Evaluating how data from different methods could – or could not – be compared
By Judy Siegel-Itzkovich
Associate Prof. Encarnita Mariotti-Ferrandiz of Sorbonne University’s Immunology, Immunopathology and Immunotherapy (i3) laboratory at Pitié-Salpêtrière Hospital in Paris has headed an 18-member research team that recently published an important paper in Nature Biotechnology.
Entitled “Benchmarking of T cell receptor repertoire profiling methods reveals large systematic biases”, the article‘s data will be shared through the iReceptor Plus gateway.
Mariotti-Ferrandiz headed the team and was involved in the conception, project management and scientific and technical supervision. Prof. David Klatzmann, head of the i3 lab and another prominent iReceptor Plus team member, also contributed to the work. Pierre Barennes, who recently joined iReceptor Plus project, is a PhD fellow under Klatzmann and Mariotti-Ferrandiz supervision, who performed most of the data analysis of the study,
Monitoring the T cell receptor (TCR) repertoire in health and disease can provide key insights into adaptive immune responses, the team wrote. “But the accuracy of current TCR sequencing (TCRseq) methods is unclear.”
In this study, they systematically compared the results of nine commercial and academic TCRseq methods, including six rapid amplification of complementary DNA ends (RACE)-polymerase chain reaction (PCR) and three multiplex-PCR approaches, when applied to the same T cell sample.
“We found marked differences in accuracy and intra- and inter-method reproducibility for T cell receptor α (TRA) and T cell receptor β (TRB) TCR chains. Most methods showed a lower ability to capture TRA than TRB diversity. Low RNA input generated non-representative repertoires. Results from the 5′ RACE-PCR methods were consistent among themselves but differed from the RNA-based multiplex-PCR results,” they wrote.

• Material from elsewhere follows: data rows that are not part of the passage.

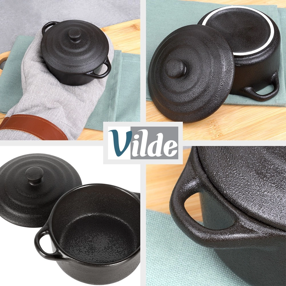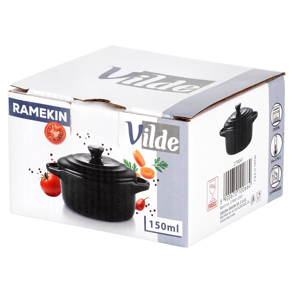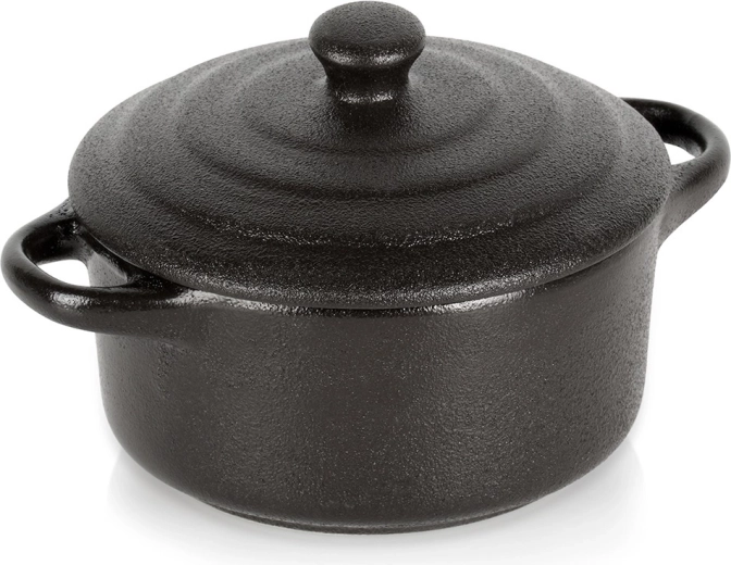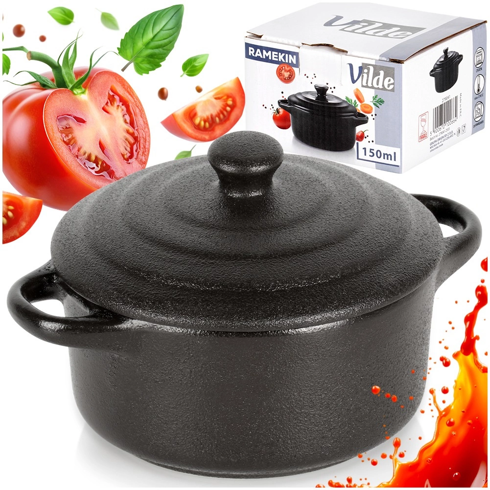 Táto štýlová porcelánová kokotka s vekom umožní piecť, zapekať aj servírovať v jednej nádobe. Skvelo sa hodí na jednotlivé porcie – od zapekaných vajec, mini zapekaných jedál, dezertov až po tapas. Čierne prevedenie pôsobí elegantne na každom stole a podporí atraktívne servírovanie.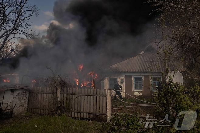 (포크로우스크 AFP=뉴스1) 우동명 기자 = 22일(현지시간) 우크라이나 도네츠크주 포크로우스크에서 러시아 군의 포격을 받은 주택서 불길과 검은 연기가 솟아 오르고 있다. 2025.04.25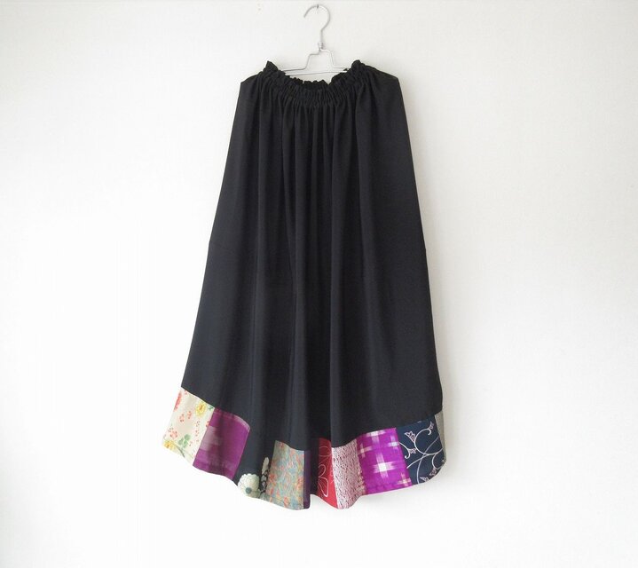 ・黒の着物(留袖)の裾に色々な着物のパッチワーク シルク100%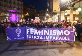 Con una manifestación que ha comenzado en la Plaza Fuente Dorada pasadas las 20.00 horas se ha puesto el broche a una jornada reivindicativa por el Día Internacional de la Mujer. Una gran pancarta con el lema 'Feminista fuerza imparable' que portaban integrantes de la Coordinadora de Mujeres de Valladolid --convocantes de esta movilización-- ha ido abriendo camino a los miles de participantes de la misma que han coreado consignas como 'la lucha será feminista o no será' o 'ni un paso atrás por nuestros derechos'.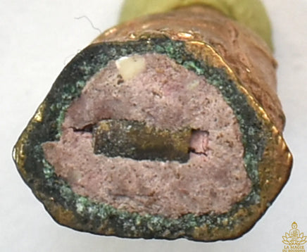 Le Phra Kling Phra Yulai, inspiré du Bouddha de médecine (Bhaiṣajyaguru), symbolise la guérison, la longévité et la prospérité. Dans cette édition spéciale Roon 1, la statuette en alliage doré porte un petit takut Mahalap (sceau de chance et de succès) encastré dans sa base, conférant à l’amulette un pouvoir renforcé de fortune et de protection du foyer.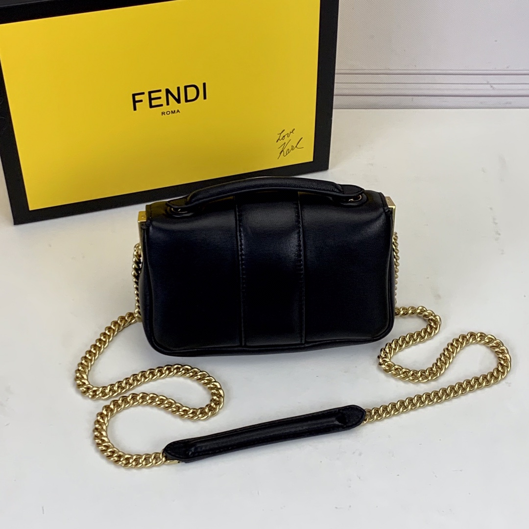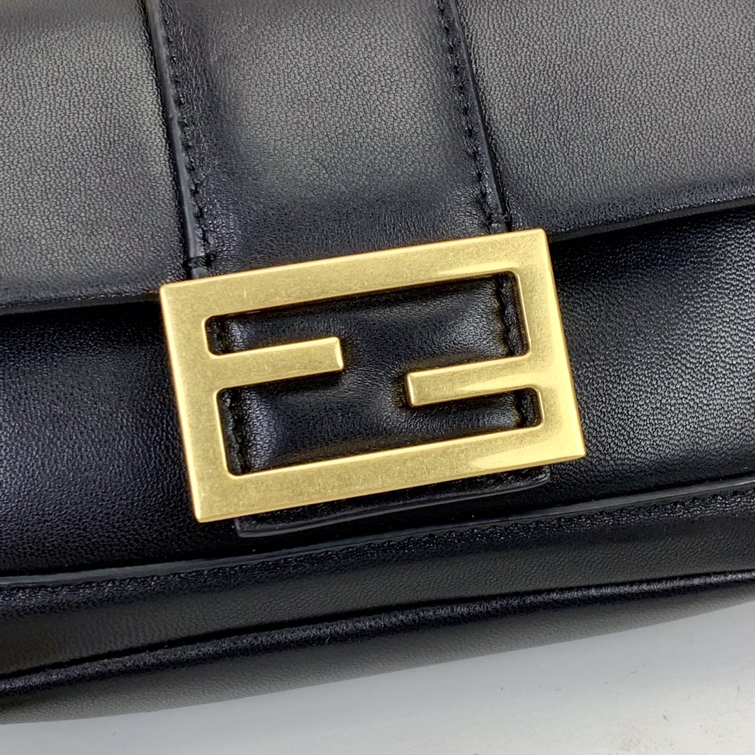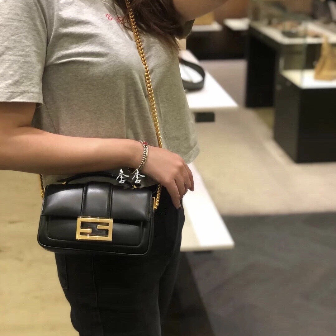 Mini Baguette bag, made of soft, black nappa leather with sliding chain and decorated with an FF clasp.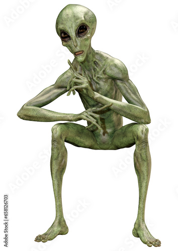 3D Rendering Green Alien on White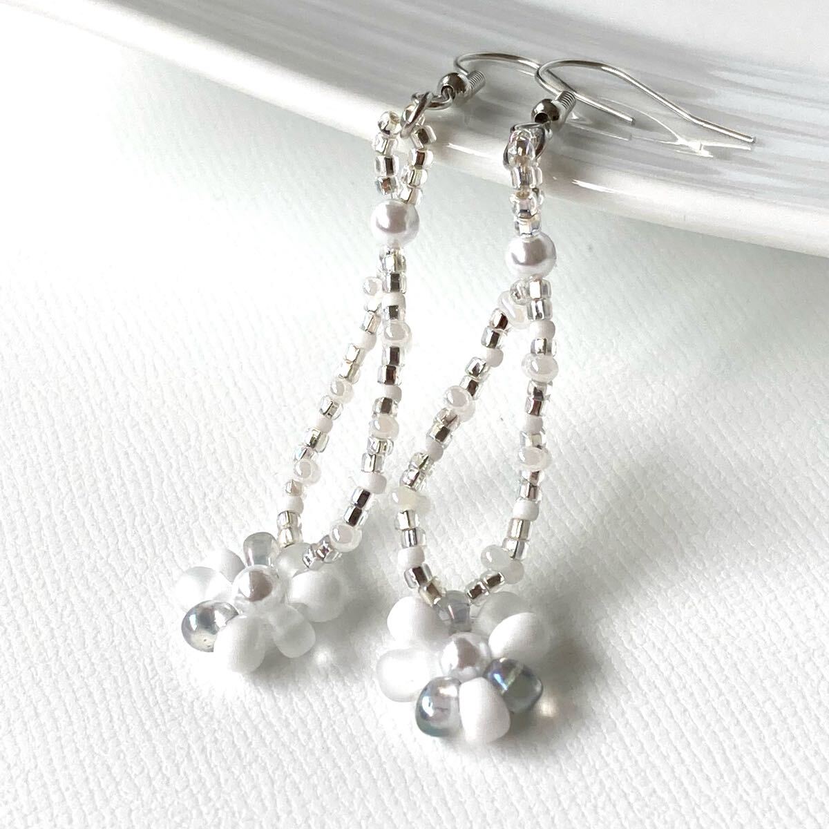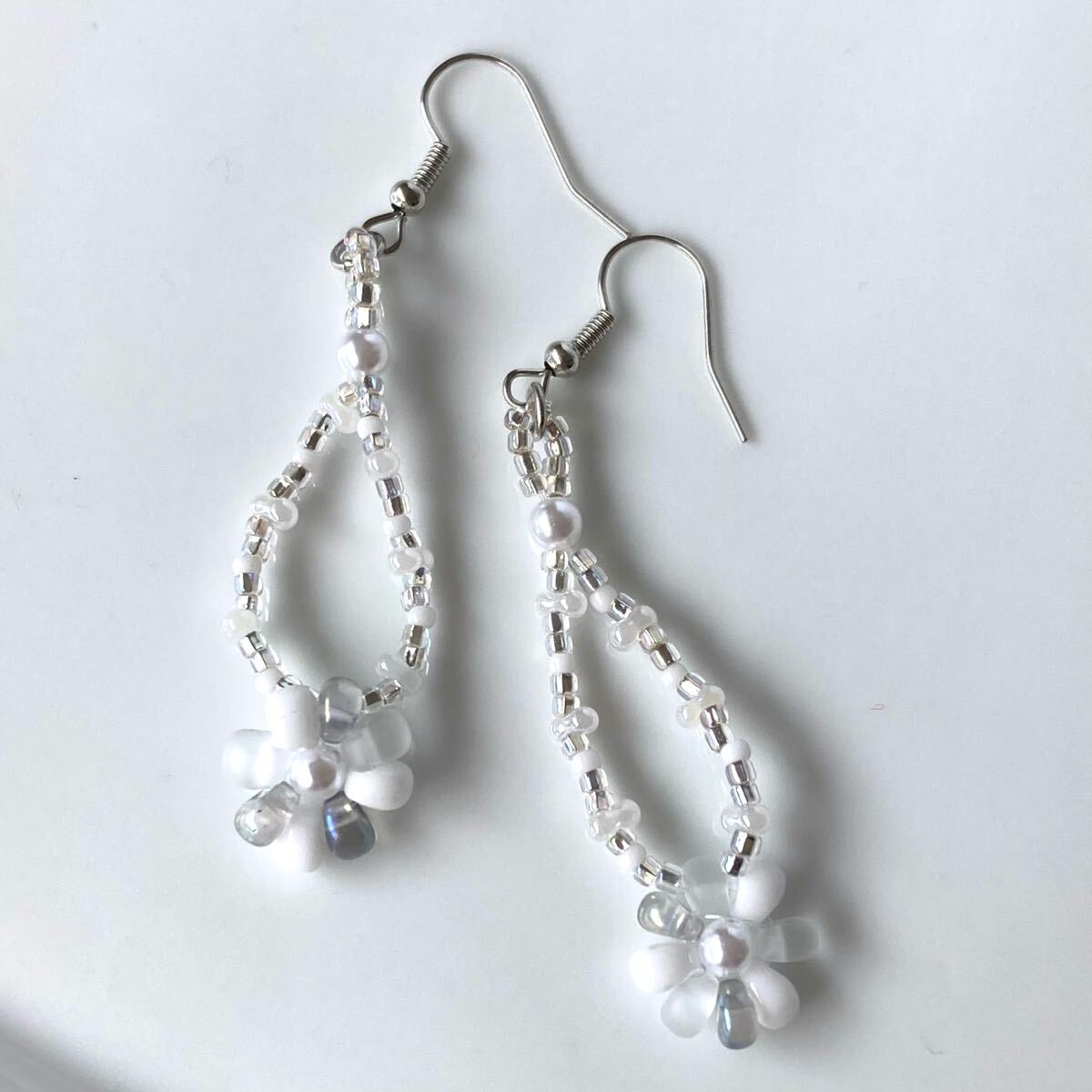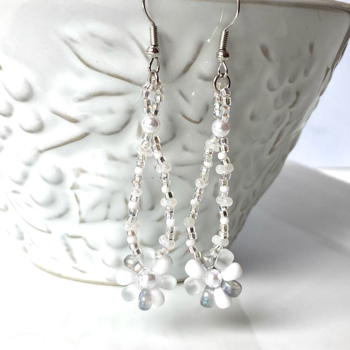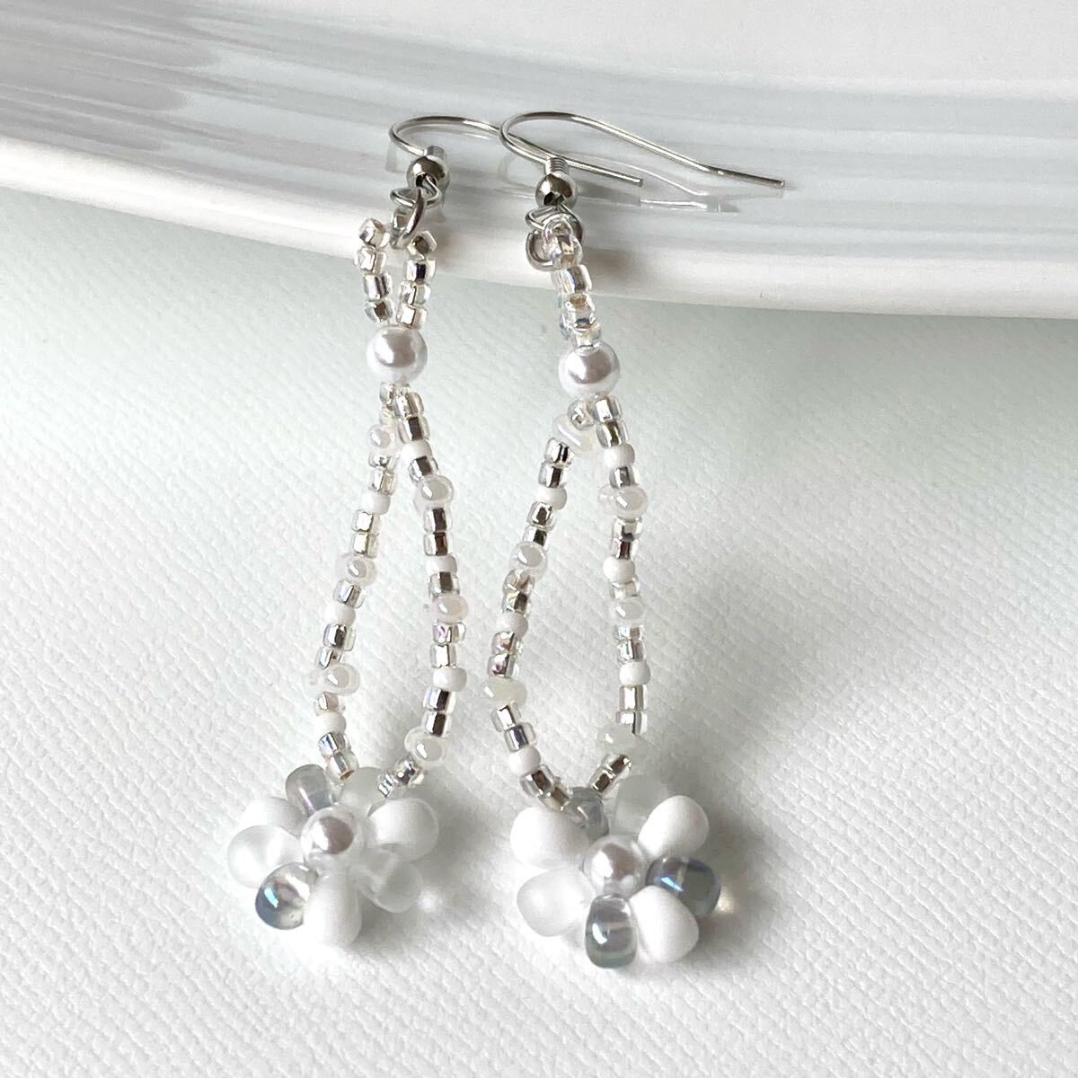 ビーズ ピアス ハンドメイド まが玉ビーズのお花モチーフのゆれるピアス 白×グレー です。
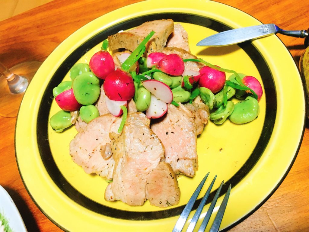 豚もも肉、そら豆、ラディッシュ、粒マスタード、ローズマリー

“Using an in silico meta-repertoire generated from 108 replicates, we found that one genomic DNA-based method and two non-unique molecular identifier (UMI) RNA-based methods were more sensitive than UMI methods in detecting rare clonotypes, despite the better clonotype quantification accuracy of the latter.”
Altogether, this study, unique in its collaborative form to compare methods, revealed major differences but more importantly may allow to build sophisticated algorithms to correct intra- and maybe inter- method bias. This perspective is of utmost importance given the increasing number of publically available datasets.
Associate Prof. Mariotti-Ferrandiz’s main interest as a researcher is diversity of the immune repertoire – how it is physiologically generated and modified in pathological contexts, with a final goal to develop affordable but accurate strategies for the monitoring of the immune response as prognostic, diagnostic and prevention.
She also has experience and knowledge in several experimental models in parasitic infections (cerebral malaria), autoimmune disease (diabetes, systemic lymphoproliferative syndrome and inflammation (colitis) and in translational research with a major focus on autoimmune disorders.
Finally she supervises the development of analytical tools and modelling approaches to allow making biological sense of such complex TCR repertoire data. She gains her expertise through her successive position at Institut Pasteur (Paris, France), Riken Institute (Yokohama, Japan) and Sorbonne Université (Paris, France).
The Sorbonne Université lab is working to advance the frontiers of knowledge in Immunology and develop novel immunotherapies, with a dual reductionist and systems biology approach. Within this translational systems immunology project, the team’s focus is on tolerance in health and diseases including the role of TCR repertoire generation and variation in the physio- and pathological processes.